• _Your task_: Drop the pictures from the entries below, then reproduce the rest exactly.

• _Record excerpts_:
○ ○ ○ ○ ○ ○ ○

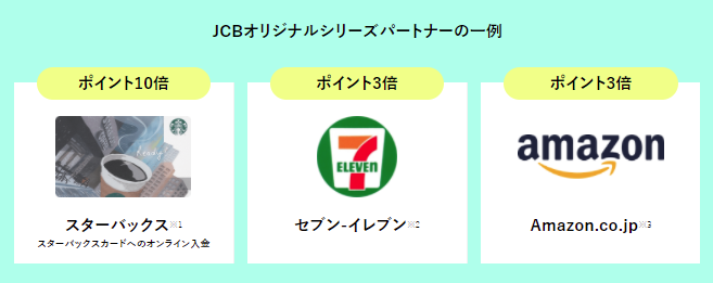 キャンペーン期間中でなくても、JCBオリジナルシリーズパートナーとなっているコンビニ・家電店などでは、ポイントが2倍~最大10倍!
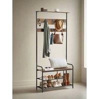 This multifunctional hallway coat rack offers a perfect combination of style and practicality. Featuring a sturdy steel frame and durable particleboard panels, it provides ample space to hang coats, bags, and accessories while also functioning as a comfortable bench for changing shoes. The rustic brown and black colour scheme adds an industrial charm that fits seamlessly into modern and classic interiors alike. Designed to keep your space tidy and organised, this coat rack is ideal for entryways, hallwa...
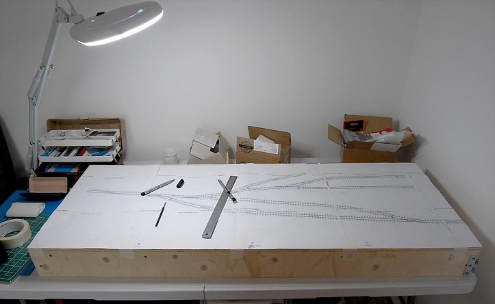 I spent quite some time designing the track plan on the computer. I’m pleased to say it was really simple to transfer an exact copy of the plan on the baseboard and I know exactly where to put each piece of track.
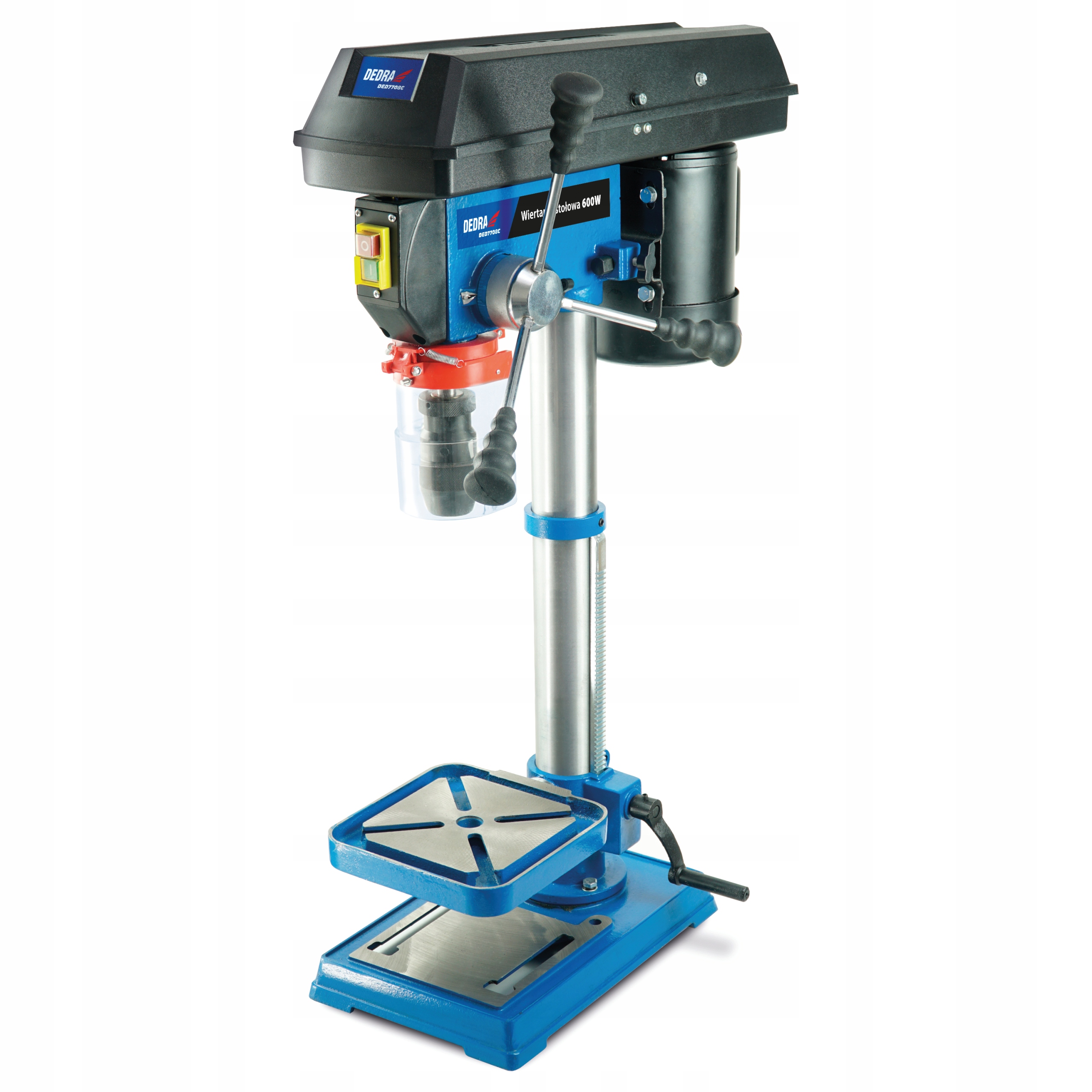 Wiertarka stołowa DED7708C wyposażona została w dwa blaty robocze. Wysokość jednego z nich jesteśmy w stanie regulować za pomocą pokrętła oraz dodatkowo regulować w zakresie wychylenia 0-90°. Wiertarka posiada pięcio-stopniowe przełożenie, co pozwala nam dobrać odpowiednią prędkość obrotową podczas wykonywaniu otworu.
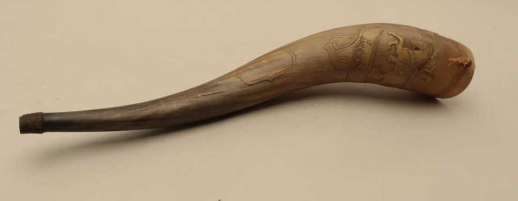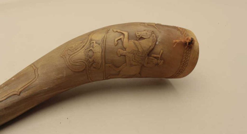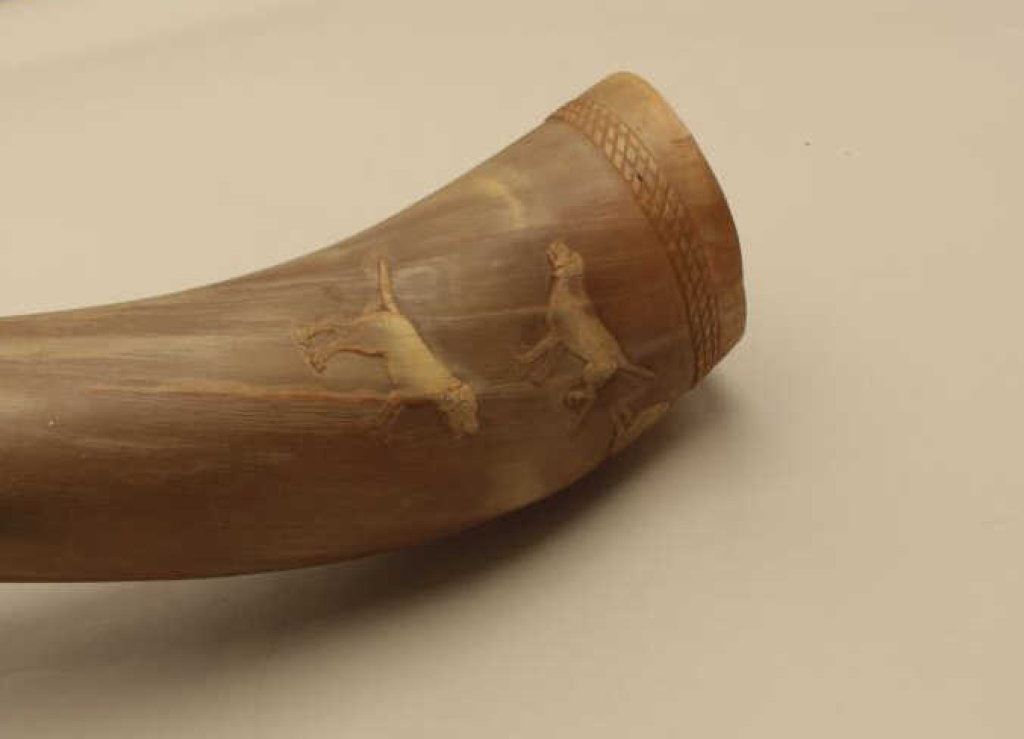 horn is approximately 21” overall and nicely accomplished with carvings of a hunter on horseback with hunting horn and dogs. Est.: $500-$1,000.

○ ○ ○ ○ ○ ○ ○

• _Answer for the task_:
 キャンペーン期間中でなくても、JCBオリジナルシリーズパートナーとなっているコンビニ・家電店などでは、ポイントが2倍~最大10倍!
 This multifunctional hallway coat rack offers a perfect combination of style and practicality. Featuring a sturdy steel frame and durable particleboard panels, it provides ample space to hang coats, bags, and accessories while also functioning as a comfortable bench for changing shoes. The rustic brown and black colour scheme adds an industrial charm that fits seamlessly into modern and classic interiors alike. Designed to keep your space tidy and organised, this coat rack is ideal for entryways, hallwa...
 I spent quite some time designing the track plan on the computer. I’m pleased to say it was really simple to transfer an exact copy of the plan on the baseboard and I know exactly where to put each piece of track.
 Wiertarka stołowa DED7708C wyposażona została w dwa blaty robocze. Wysokość jednego z nich jesteśmy w stanie regulować za pomocą pokrętła oraz dodatkowo regulować w zakresie wychylenia 0-90°. Wiertarka posiada pięcio-stopniowe przełożenie, co pozwala nam dobrać odpowiednią prędkość obrotową podczas wykonywaniu otworu.
 horn is approximately 21” overall and nicely accomplished with carvings of a hunter on horseback with hunting horn and dogs. Est.: $500-$1,000.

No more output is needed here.